The average daily calorie
requirement is 40 k cal/kg for adult. This is an appx. Value and can be higher
for persons involved in heavy work or living in colder climates etc. to gain
weight @ 5 kg a month your daily diet should provide 200 k cal above your daily
caloric requirement and it may possible as you have normal BMR. Of course, my
calculation is based upon the data you have provided here.
Okay, formulate a diet which provides
the required number of calories. In a balanced diet, 50% of the calories should
come from carbohydrates, 35% from fat and 15% from proteins.

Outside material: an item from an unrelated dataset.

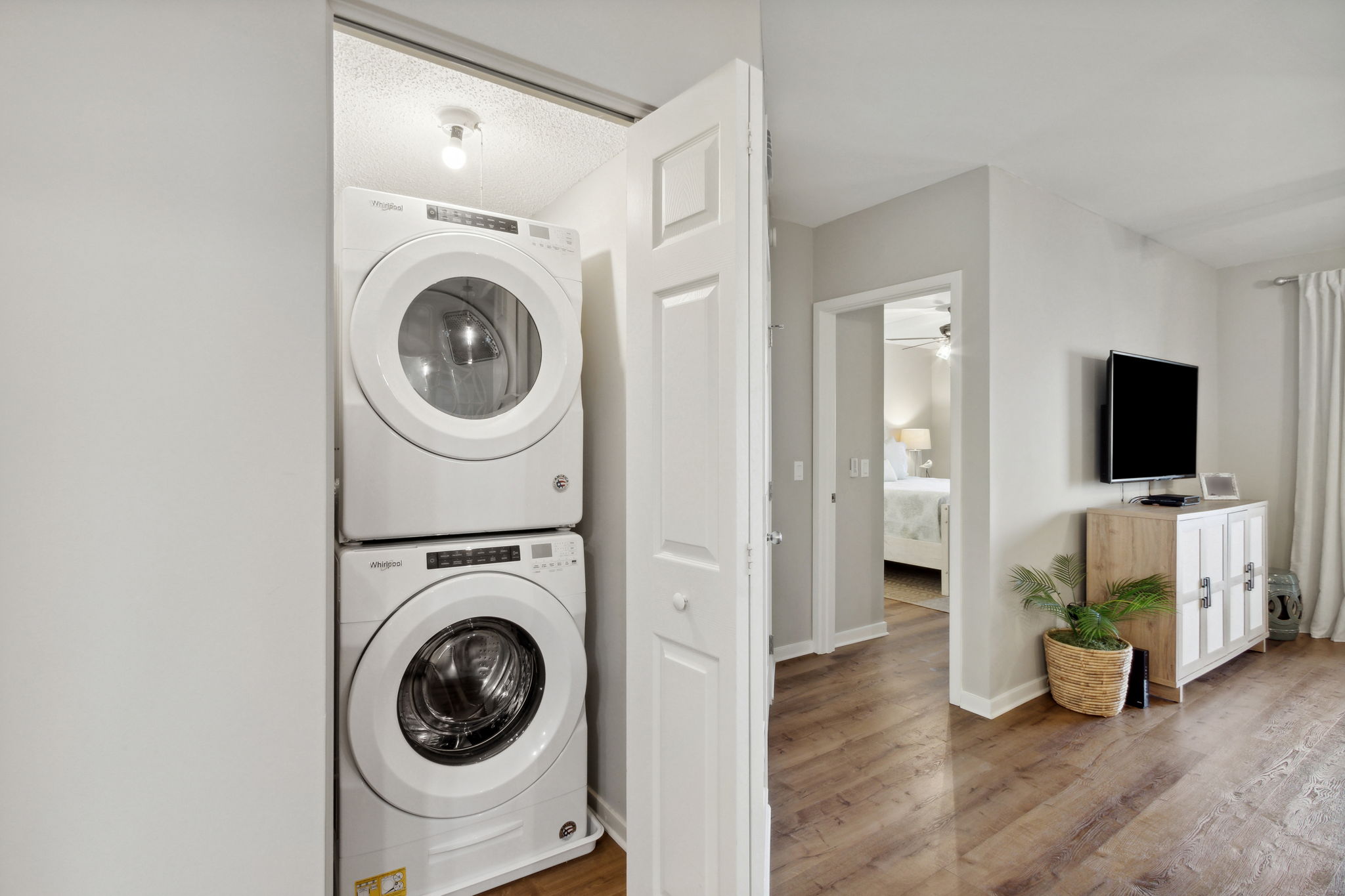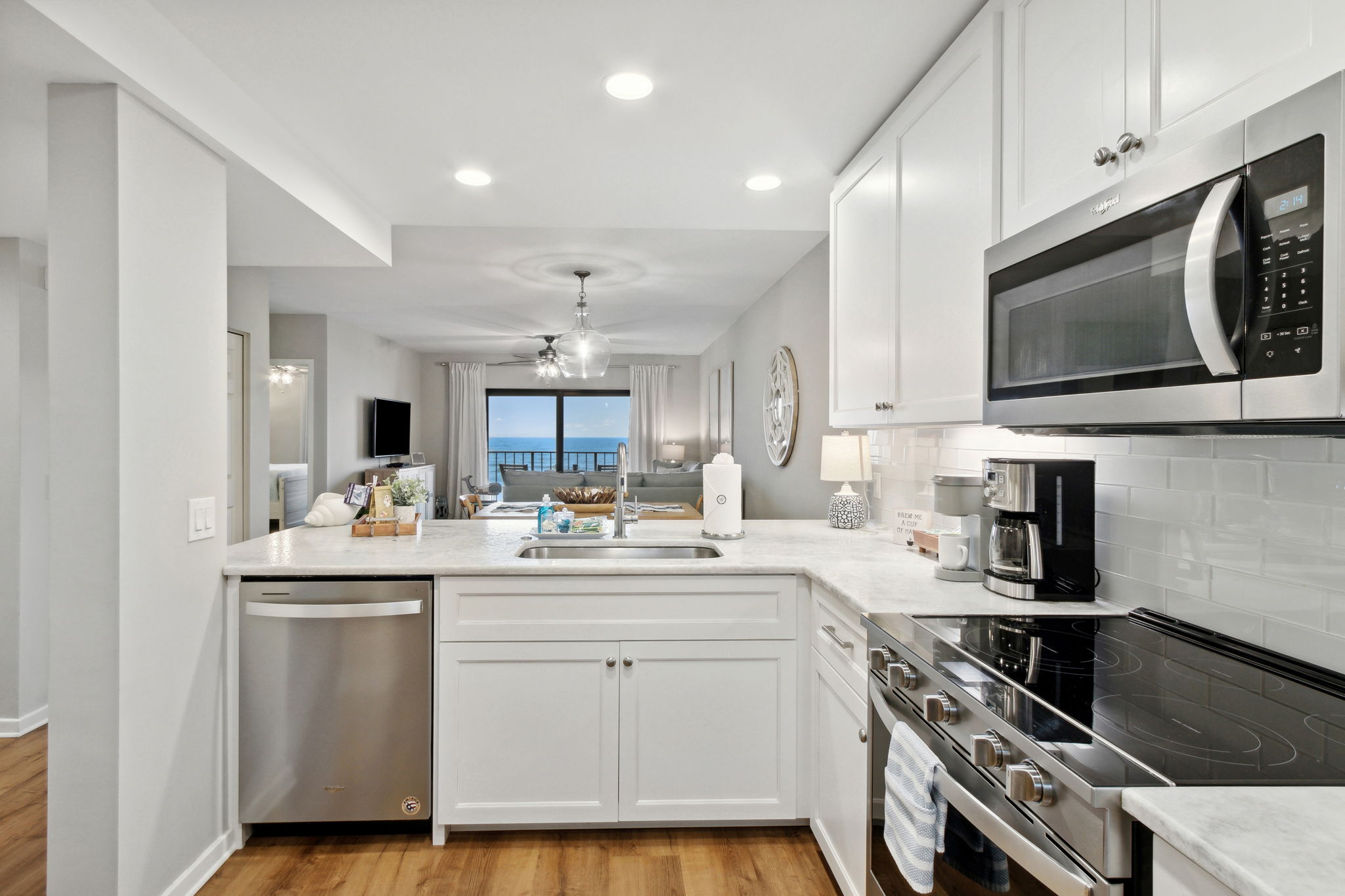 The gourmet kitchen adjacent to the living area boasts a stunning quartz-topped island with seating for three, a charming farmhouse sink, pristine white cabinets, and top-of-the-line stainless steel appliances. Engage in culinary adventures while basking in the breathtaking ocean sunsets. Adjacent to the kitchen, a dining table accommodating four people is thoughtfully positioned. For added practicality, a laundry nook is easily accessible just off the kitchen.

Be sure to include
generous helping fresh fruits, vegetables and milk in your diet, as besides
calories, your diet should provide your daily requirements of essential
minerals and vitamins. Consume about 2 ltr of water daily to maintain proper
homeostasis. Once you have formulated a diet, try to adher to it as closely as
possible. If you find it difficult to consume large amounts, partake of
frequent small meals. Chew your food properly as mastication is an important
part of digestion.
It is generally advised to avoid
exercise while you’re putting on weight. But I strongly go against it. It is
difficult to build an appetite if you have been lazing and lolling around the
whole day. A half an hour brisk exercise such as swimming, jogging, cycling, a
game of tennis or something like that will help you build a voracious appetite.
Alternatively, you can also do light training 3 times a week. Muscle tissue
weights more than fat.. so, as you tone up your muscle, watch the needle in
your scales rise. Further, regular exercise helps in proper distribution of fat
and prevents the unsightly pot-belly appearing.
So go ahead… you will definitely
achieve the target.
Yes, remember hereditary too play
an important role in body structure. A familial tendency towards leanness
exists in many families. In spite of a high calorie diet, such individuals are
unable to put on weight. However, let’s hope for the best.